The `create_mlm_batch` function follows the 80/10/10 rule described in the BERT paper, where masked positions are ignored in the loss calculation using the `IGNORE_INDEX` constant.

## Inference Efficiency and Use Cases

**GPT excels at text generation tasks** including chatbots, code synthesis, and content creation because its causal mask ensures coherence when producing novel sequences step-by-step. Decoder-only models can optimize inference by caching previously computed hidden states (key-value caching), making token-by-token generation computationally efficient.

**BERT dominates understanding tasks** such as sentiment analysis, named entity recognition, and question answering. Its bidirectional nature produces richer contextual embeddings that capture nuanced relationships between words. However, encoder-only models must process the entire sequence for each prediction, making them unsuitable for autoregressive generation but highly effective for tasks requiring fixed-size sentence embeddings.

## Summary

- **GPT uses a decoder-only architecture** with causal masking (`np.triu`) to enforce left-to-right autoregressive generation, optimizing for next-token prediction.
- **BERT uses an encoder-only architecture** with bidirectional attention and masked language modeling (`create_mlm_batch`), optimizing for deep contextual understanding.
- **Training objectives differ fundamentally**: Causal language modeling predicts the next token, while masked language modeling reconstructs randomly masked tokens from full context.
- **Inference patterns diverge**: GPT generates tokens sequentially with cache optimization, while BERT requires complete sequence processing for embedding extraction.
- **Both architectures** use learned absolute positional embeddings, but GPT restricts their interaction through causal masking while BERT allows full bidirectional flow.

## Frequently Asked Questions

### Can GPT be used for classification tasks like BERT?

Yes, but it requires different fine-tuning approaches.
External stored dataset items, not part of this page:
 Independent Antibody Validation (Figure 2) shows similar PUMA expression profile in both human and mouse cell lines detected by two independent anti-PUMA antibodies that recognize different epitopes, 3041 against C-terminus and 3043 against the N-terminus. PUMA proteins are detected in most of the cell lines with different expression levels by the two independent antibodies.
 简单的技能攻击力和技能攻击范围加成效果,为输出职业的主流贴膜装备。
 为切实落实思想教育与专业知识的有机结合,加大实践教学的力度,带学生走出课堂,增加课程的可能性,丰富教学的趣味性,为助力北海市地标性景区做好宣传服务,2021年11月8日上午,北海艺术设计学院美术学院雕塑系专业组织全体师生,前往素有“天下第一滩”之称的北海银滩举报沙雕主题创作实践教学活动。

While BERT naturally produces contextual embeddings suitable for classification via a simple head attached to `[CLS]` tokens, GPT models typically require prompt-based fine-tuning where the model generates the class label as the next token in a completion format. According to the source implementations, BERT's bidirectional context generally yields superior performance on discriminative tasks compared to GPT's unidirectional representation.
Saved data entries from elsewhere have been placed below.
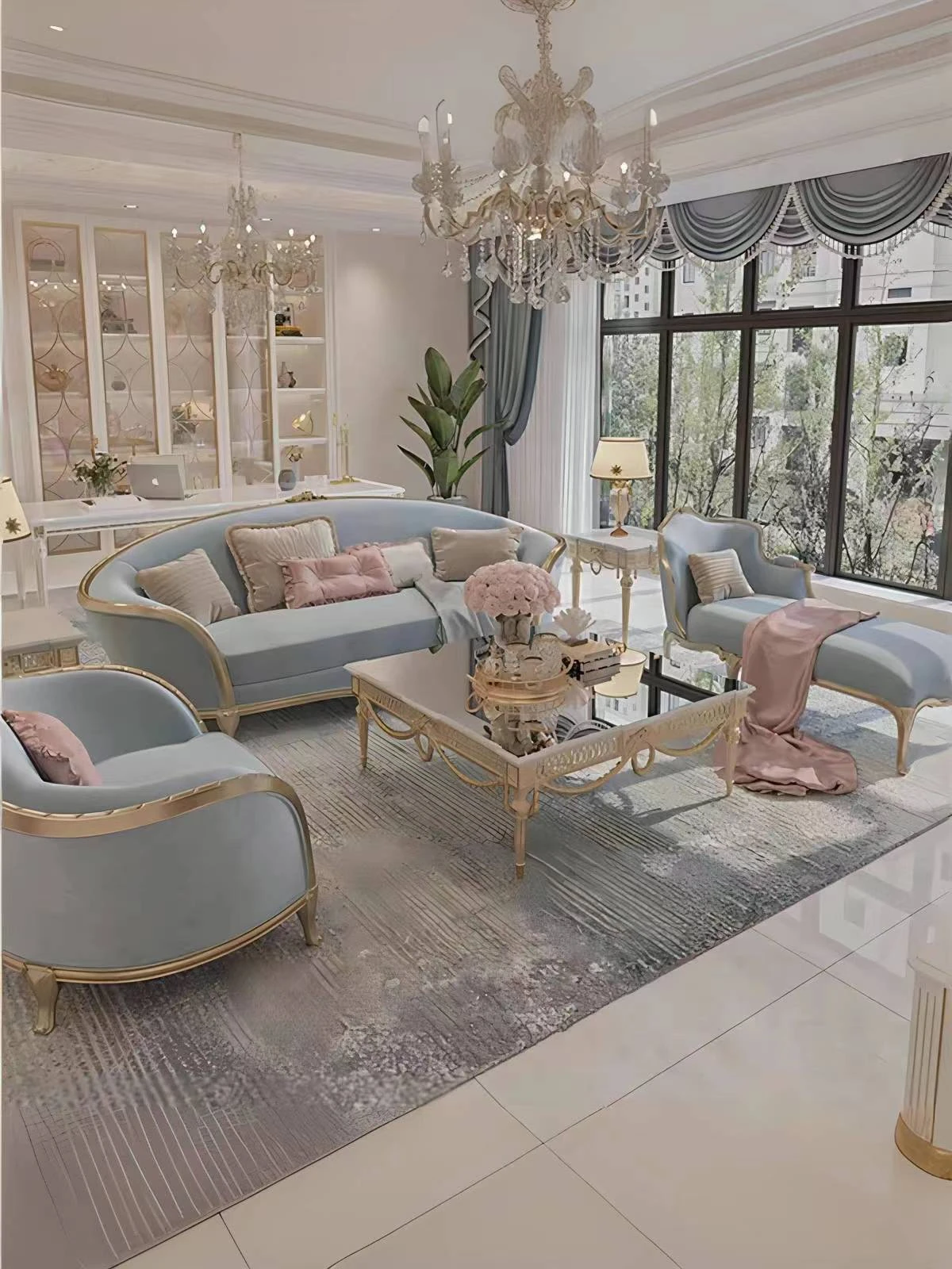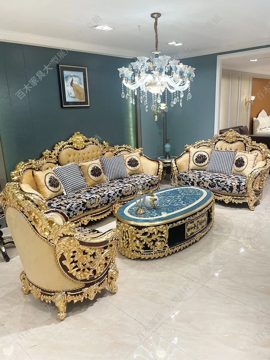 イタリアンラグジュアリー別荘ソファー|高級宮廷風コンビネーションリビングソファ|欧州スタイルの無垢材ゴールドフィニッシュ装飾布製ソファーで、豪華で快適な空間を演出します!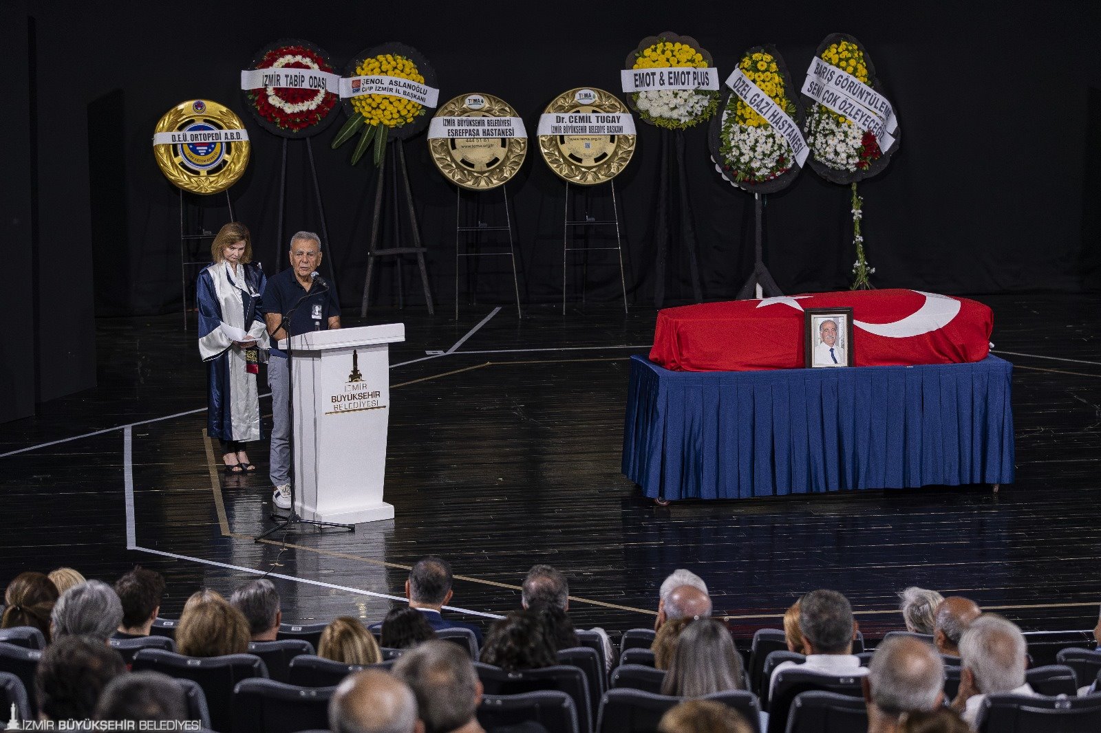 78 yaşında hayatını kaybeden Alıcı için düzenlenen törene eşi Nurdan Alıcı, kızı Esen Alıcı ile oğlu Prof. Dr. Evren Alıcı’nın yanı sıra İzmir Büyükşehir Belediye Başkanı Dr. Cemil Tugay, İzmir Büyükşehir Belediyesi eski Başkanı Aziz Kocaoğlu ile eşi Türkegül Kocaoğlu, İzmir Büyükşehir Belediyesi Genel Sekreter Yardımcısı Prof. Dr. Pınar Okyay, İzmir Büyükşehir Belediye Meclisi CHP Grup Başkan Vekili Altan İnanç, İzmir Büyükşehir Belediyesi Eşrefpaşa Hastanesi Başhekimi Doç. Dr. Başak Bayram, sevenleri, meslektaşları ve tedavi ettiği hastaları katıldı. Konuşmacılar, Emin Alıcı’ya gözyaşları içerisinde veda etti.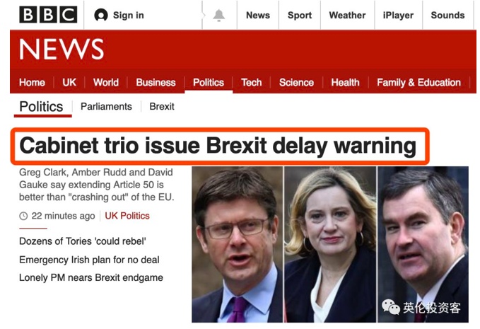 2019年2月22日,保守党政府三名内阁大臣联名在《每日邮报》撰文表示,如果首相特雷莎梅不能说服保守党内“硬脱欧派”支持最新的脱欧协议草案,那么他们将从内阁辞职,并投票支持英国延迟正式脱欧日(原定于2019年3月29日)。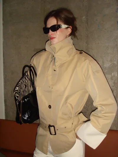 Наш укороченный тренч построен на идее заниженной линии талии: расслабленной, чуть смещённой, намеренно неидеальной. Он не подчеркивает фигуру напрямую, а создаёт силуэт. Свободный, уверенный и актуа

### Why can't BERT generate text like GPT?

BERT lacks the causal mask necessary for autoregressive generation. Because every token in BERT can attend to all other tokens simultaneously, predicting the next token would leak information from future positions that should remain unseen during generation. The `create_mlm_batch` function specifically requires fully formed sequences with random masks, unlike GPT's `generate` function which iteratively appends tokens to build sequences.

### Which architecture is more computationally efficient for training?

BERT's bidirectional attention allows parallel processing of all sequence positions during the forward pass, but the 80/10/10 masking strategy introduces additional complexity. GPT's causal attention is inherently sequential in nature but requires no special masking logic beyond the triangular matrix. For inference, decoder-only models like GPT benefit from key-value caching, making token generation substantially faster than reprocessing entire sequences.

### Do GPT and BERT use the same positional encoding?

Both architectures use learned absolute positional embeddings added to token embeddings, as seen in the `Embedding` modules of both implementations. However, GPT applies these within the constraints of its causal attention mechanism, while BERT's bidirectional encoder applies them to the full context without restriction. Some modern variants use rotary or relative positional encodings, but the repository's minimal implementations demonstrate the original learned absolute approach for both models.